Recentemente, o ex-presidente do Palmeiras, Mustafá Contursi, venceu, em 2ª instância, ação promovida pelos donos da Crefisa, que cobravam-lhe R$ 430 mil de suposto empréstimo concedido ao ‘Sindicato do Futebol’, do qual o cartola é uma espécie de mandatário eterno.

Os crefizenses recorreram.

São poucas, porém, as possibilidades de êxito.

O Blog do Paulinho teve acesso à documentação exposta por Mustafá em sua defesa, absolutamente esclarecedora da situação, demonstrando que, de fato, tratou-se de uma doação, ainda que por razões, oficialmente, não explicadas.

Que motivações teriam os donos da Crefisa, que não são conhecidos pelo comportamento filantrópico, em abastecer os caixas, seja do Sindicato ou até mesmo do cartola, sem exigir contrapartida, sendo que o primeiro não lhe atende em nenhuma relação comercial e o segundo trata-se de pessoa com boas posses?

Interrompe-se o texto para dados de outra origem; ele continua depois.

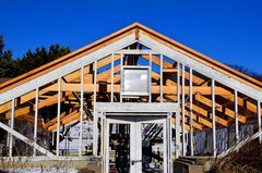 Jim Paley negotiated the purchase of durable larch beams, milled at a local Amish saw mill, as well as the polycarbonate panels that will be installed this spring. Additional stone will be poured to level the floor.
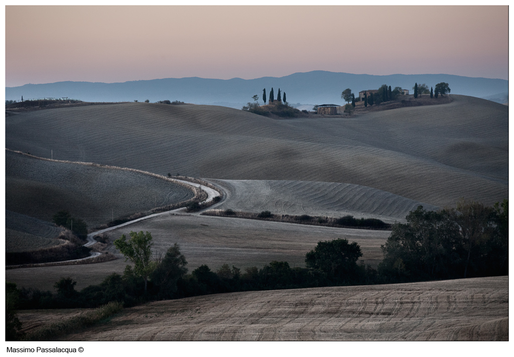 Ciao Massimo, certo che avere la fortuna di trovare questi paesaggi uscendo dalla porta di casa...non capita a tutti, o forse solo ai toscani. L'immagine è bella perchè rappresenta la toscanità del paesaggio così come l'ho assimilata dalla storia dell'arte, è bella perchè la scelta di colorazioni terrigne un po' acide riflette una precisa scelta stilistica e narrativa, oltre che soggettiva rispetto a questo paesaggio. Dell'inquadratura "un dico nulla" perchè è impeccabile.

Os fatos pretéritos, que talvez expliquem o comportamento, são amplamente conhecidos, mas precisam ser relembrados:

  • janeiro de 2015: a Crefisa assina contrato de patrocínio com o Palmeiras;
  • 16 de julho de 2015: Leila Pereira e José Roberto Lamacchia adquirem título familiar do Palmeiras (o único registrado em nome deles na secretaria do clube);
  • 22 de fevereiro de 2016: objetivando iniciar caminhada à presidência alviverde, os donos da Crefisa recebem, de Mustafá Contursi, documento (protocolado no dia 23) dando conta de que, em seu período como gestor do Verdão, testemunhou que ambos associaram-se ao clube em 19 de dezembro de 1996, alegando ‘erro de processamento’ para ausência de dados no sistema, embora não se tenha notícia de outro equívoco semelhante com os demais associados alviverdes;
  • 14 de dezembro de 2016: amparado em parecer do departamento jurídico, o então presidente Paulo Nobre revoga a alteração, voltando Leila e Lamacchia a figurarem como sócios recentes do Palmeiras, situação que inviabilizaria, momentaneamente, a possibilidade de entrada no Conselho e, por consequência, atrasaria os planos de conquista da cadeira presidencial;
  • 23 de dezembro de 2016: recém eleito presidente, com apoio dos crefizenses, Maurício Galliote revoga a ‘revogação’ e o casal volta a figurar com a data de associação não comprovada, mas vigente.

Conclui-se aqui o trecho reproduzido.